Liked this view always (look for Hutter prize rationale), but I think it needs to be accomodated in a general perception/action loop that optimizes a lower level fitness/utility/reward (for instance an inner sense of pleasure/pain).
> Abstract: In this paper, we contend that the objective of representation learning is to compress and transform the distribution of the data, say sets of tokens, towards a mixture of low-dimensional Gaussian distributions supported on incoherent subspaces. The quality of the final representation can be measured by a unified objective function called sparse rate reduction. From this perspective, popular deep networks such as transformers can be naturally viewed as realizing iterative schemes to optimize this objective incrementally. Particularly, we show that the standard transformer block can be derived from alternating optimization on complementary parts of this objective: the multi-head self-attention operator can be viewed as a gradient descent step to compress the token sets by minimizing their lossy coding rate, and the subsequent multi-layer perceptron can be viewed as attempting to sparsify the representation of the tokens. This leads to a family of white-box transformer-like deep network architectures which are mathematically fully interpretable. Despite their simplicity, experiments show that these networks indeed learn to optimize the designed objective: they compress and sparsify representations of large-scale real-world vision datasets such as ImageNet, and achieve performance very close to thoroughly engineered transformers such as ViT. Code is at [ https://github.com/Ma-Lab-Berkeley/CRATE.

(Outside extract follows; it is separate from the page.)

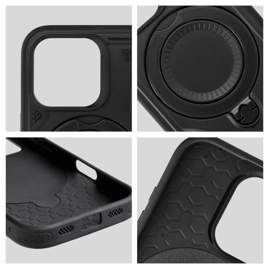 A megerősített szerkezettel és praktikus, kihúzható támasztékkal rendelkező tok szilárd megoldás, amely kiválóan működik a mindennapi használat során. A vezeték nélküli töltéssel való kompatibilitás és a kamera körüli megemelt szélek mind kényelmet, mind védelmet nyújtanak. A megerősített Armor típusú kialakítás hatékonyan védi a készüléket, és a kettős anyagú konstrukció további tartósságot biztosít. Az oldalán lévő puha TPU tökéletesen illeszkedik a telefonhoz, míg a kemény PC hátlap jobb védelmet nyújt a készülék hátuljának esés esetén. A tokban rejtett gyűrű stabil tartóként funkcionál, lehetővé téve a telefon kényelmes, vízszintes beállítását - nagyszerű megoldás filmek vagy fényképek nézésekor. Összecsukott állapotban a gyűrű beleolvad a tokba, nem zavarva a töltési és eszközhasználati folyamatot. A kamera körüli megemelt perem további védelmi gátat biztosít a lencsék számára, lehetővé téve a telefon biztonságos letételét anélkül, hogy a lencsék megkarcolódnának. A tok támogatja a vezeték nélküli töltést, lehetővé téve a töltést és a mágneses tartók használatát a tok eltávolítása nélkül.

Yelp. Reductionism and perfectionism to attack something. It’s just a {blank} or it can only detect cancer 98% of the time. I’d like to coin the the hot tub Time Machine argument but that’s probably already a thing.
> Why unify information theory and machine learning? Because they are two sides of the same coin. In the 1960s, a single field, cybernetics, was populated by information theorists, computer scientists, and neuroscientists, all studying common problems. Information theory and machine learning still belong together. Brains are the ultimate compression and communication systems. And the state-of-the-art algorithms for both data compression and error-correcting codes use the same tools as machine learning.
* In compression, gzip is predicting the next character. The model's prior is "contiguous characters will likely recur". This prior holds well for English text, but not for h264 data.
* In ML, learning a model is compressing the training data into a model + parameters.
It's not a damning indictment that current AI is just compression. What's damning is our belief that compression is a simpler/weaker problem.